Whatever proof of the facts alleged in that case the government may have, and howsoever far, if at all, the defendants to it may have transgressed the law, there is no evidence here on this motion, except the fact that such a suit is pending and that the complainant here agreed that he would reconvey the title to his predecessor upon demand after two years. For the purposes of this motion, I hold that the complainant is entitled to maintain the suit.

Such conclusion is, however, of no avail to the complainant, for I am satisfied upon the evidence that the defendant has established the construction and use of a similar apparatus prior to the complainant’s patent beyond any reasonable doubt, and am of opinion that, if the same evidence had been produced in the cases heretofore referred to, in which the validity of this patent was sustained, that a different conclusion would have been reached in them.
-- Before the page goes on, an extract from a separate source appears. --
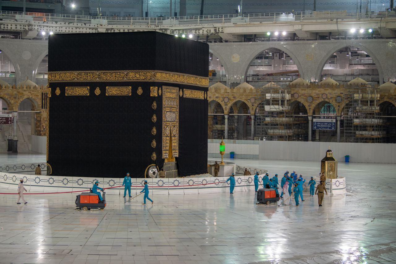 غسل وتعقيم المسجد الحرام خلال (15) دقيقة استعداد لاستقبال الوفد الثاني من المعتمرين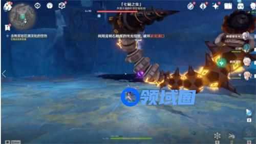7、随后需要和出现的怪物“七嗣之虫”进行战斗。这里友情提示- -下几个成就可以在这次战斗中解锁,不要打的太快了!如果打完了,也可以通过挑战巨蛇岩洞的区域BOSS完成。

[4] It is the rule that when the validity of a patent has been established by prior adjudication, and especially after long and expensive litigation, a court, on motion for a preliminary injunction in a subsequent suit against another defendant, would only consider the question of infringement. But where new evidence is introduced, of such clear and persuasive character as to leave no fair doubt but that the court in the prior case would have reached a different conclusion had that evidence been before it, then a preliminary injunction is denied. This rule and its exception are well established. Duff Mfg. Co. v. Kalamazoo Co. (C. C.) 94 Fed. 154; Duplex Co. v. Campbell, etc., Co., 69 Fed. 250, 16 C. C. A. 220 (C. C. A. 6th); Loew Co. v. German Co. (C. C.) 107 Fed. 949, 47 C. C. A. 94 (C. C. A. 6th); Edison Co. v. Beacon Co. (C. C.) 54 Fed. 678; Bresnahan v. Tripp Giant Co., 72 Fed. 920, 19 C. C. A. 237 (C. C. A. 1st); New York Filter Co.